Plongée progressive dans le monde du porno
Il va être difficile de ne pas confondre Stephen Elliott, écrivain américain dont c'est ici le premier film, et Stephan Elliott, réalisateur australien de « Priscilla folle du désert », déjà connu sur la scène mondiale. Avec « Cherry », nous voici propulsés dans le monde du porno, en plein San Francisco, au travers du portrait d'une jeune femme ayant accepté un beau jour, presque par hasard, les 300 dollars qu'on lui proposait pour une séance photos. Pudique, presque douce, la caméra de Stephen Elliott montre sans jamais étaler, elle évoque, élude, capte simplement l'essence de ce qui fait l'activité de cette Cherry.
Du coup, exit le glauque, l'engrenage n'en semble pas vraiment un, la belle ne vivant pas tout cela comme une descente aux enfers, mais comme un ensemble de choix de carrière, qui la mèneront à faire finalement partie de la « logistique », de la production, lorsque l'âge et la lassitude des spectateurs l'exigeront. Loin de tout jugement, le scénario se contente justement d'épingler ceux de ses proches, qui finalement font plus le malheur du personnage principal que le métier lui-même.
Compétition
Rebelle
de Kim Nguyen avec Rachel Mwanza, Alain Bastien, Serge Kanyinda, Ralph Prosper, Mizinga Mwinga...
Sacrifices
Chapitré selon les âges de son personnage principal, « Rebelle » est un énième film qui traite des enfants soldats. À 12 ans, les rebelles du Great Tiger débarquent dans un village au bord de l'eau et obligent l'héroïne à tuer elle-même ses parents. À 13 ans, elle doit combattre et tente de s'extirper de la bande, par le biais de son idylle avec un jeune albinos. À 14 ans, récupérée et engrossée, elle trouvera d'autres moyens pour se rebeller une nouvelle fois...
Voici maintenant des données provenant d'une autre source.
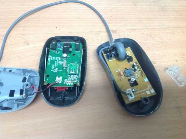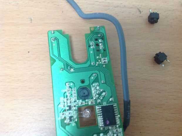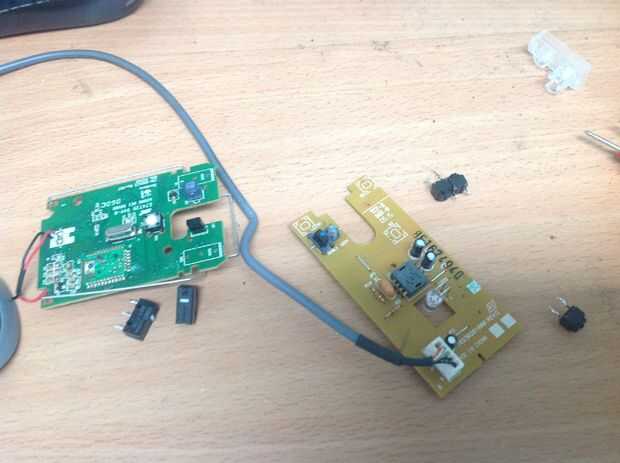 Primero desmontado los ratones para placas de circuito impreso. Estos ratones de computadora utilizan un interruptor normalmente cerrado (NC) se rompe una conexión eléctrica al presionar, así que todavía le funcionan para el ratón receptor. Puede que desee comprobaremos con un polímetro sin embargo.

Si la scène d'ouverture, filmée caméra à l'épaule, est plutôt efficace, nous plongeant au cœur des sévices aveugles de la bande armée, la suite s'enlise dans une série d'entraînements et de combats, déjà-vus, qui n'apportent rien de bien nouveau. Seule l'échappée romantico-amoureuse entre celle qui est devenue une sorcière (elle peut voir où se trouve l'ennemi, grâce aux âmes qu'elle croise en forêt) et le jeune albinos qui est forcément considéré comme un magicien, amène un peu de grâce dans le monde sordide qui nous est décrit avec minutie. Rachel Mwanza a obtenu le prix d'interprétation féminine pour ce rôle, certes impliqué, mais qui s'inscrit dans un scénario dont la dureté n'a cependant plus rien d'original.